[Data excerpt]
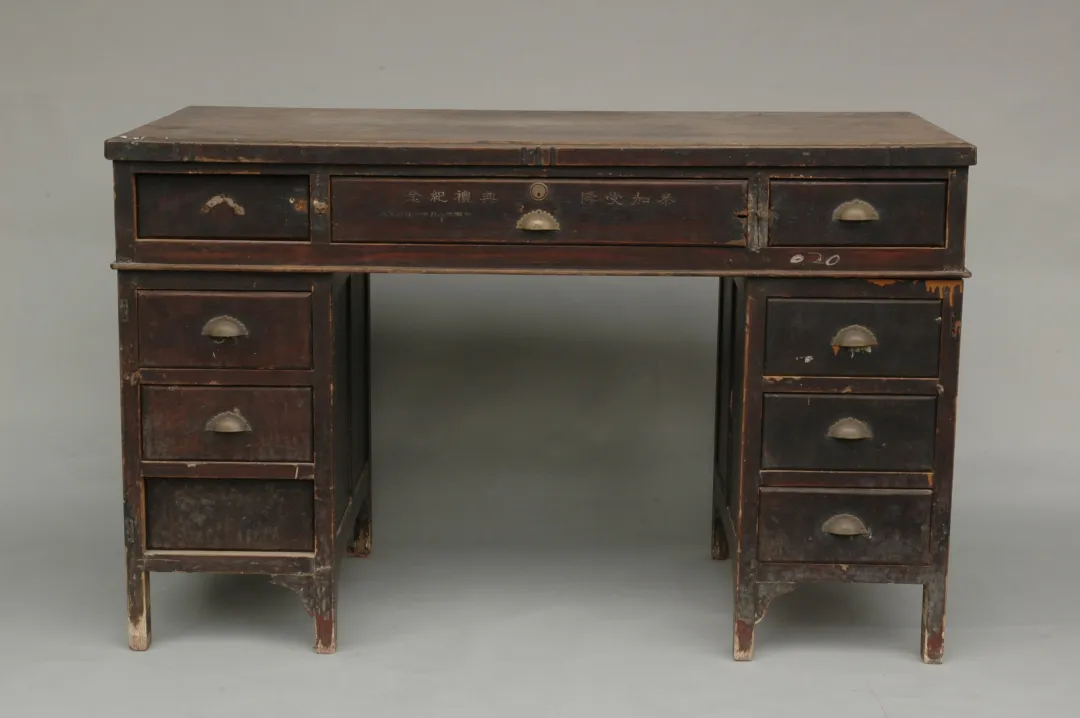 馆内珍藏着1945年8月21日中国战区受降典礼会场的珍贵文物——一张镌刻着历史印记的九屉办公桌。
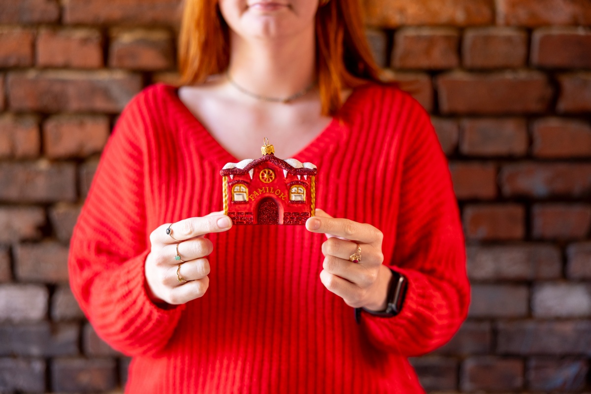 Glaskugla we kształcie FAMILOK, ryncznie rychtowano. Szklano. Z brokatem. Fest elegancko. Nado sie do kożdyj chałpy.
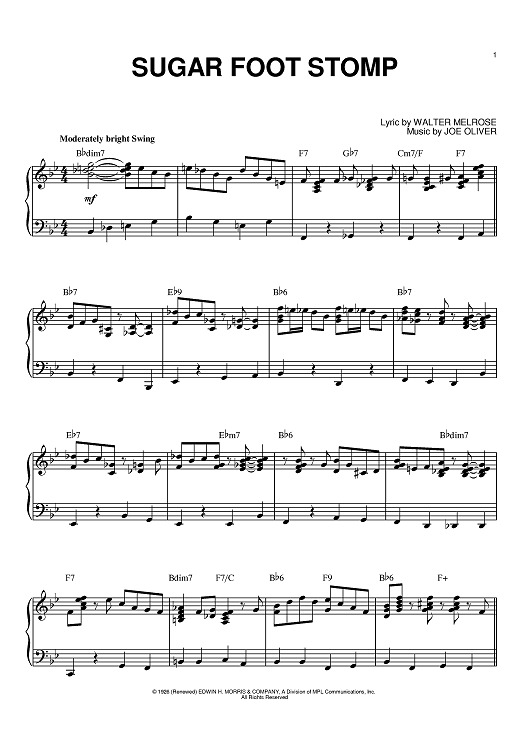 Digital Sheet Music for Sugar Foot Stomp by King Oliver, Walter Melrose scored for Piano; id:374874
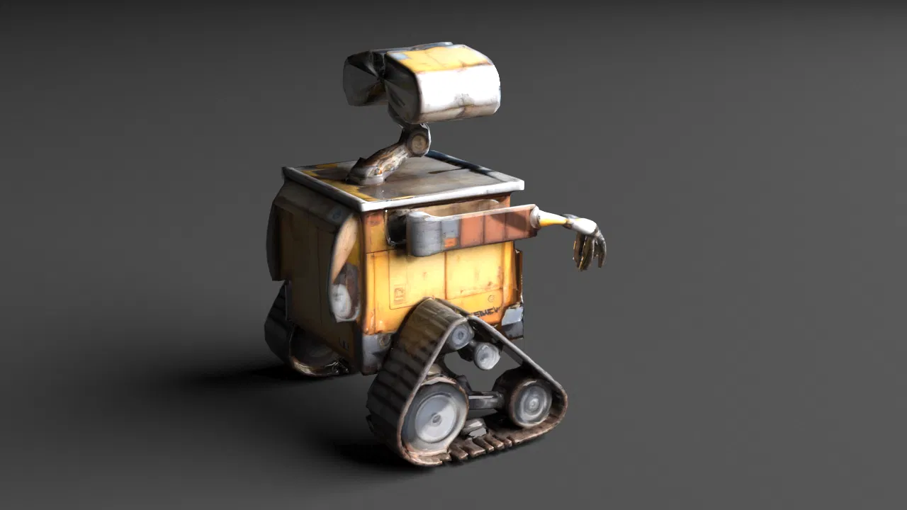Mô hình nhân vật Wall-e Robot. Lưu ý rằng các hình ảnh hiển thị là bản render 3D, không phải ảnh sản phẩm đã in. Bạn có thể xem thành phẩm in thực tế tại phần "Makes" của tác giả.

[To do]
Nothing but the lines from the first line of the data through the line with "Digital Sheet Music" belongs in the answer, copied exactly and without pictures.

[Response below]
 馆内珍藏着1945年8月21日中国战区受降典礼会场的珍贵文物——一张镌刻着历史印记的九屉办公桌。
 Glaskugla we kształcie FAMILOK, ryncznie rychtowano. Szklano. Z brokatem. Fest elegancko. Nado sie do kożdyj chałpy.
 Digital Sheet Music for Sugar Foot Stomp by King Oliver, Walter Melrose scored for Piano; id:374874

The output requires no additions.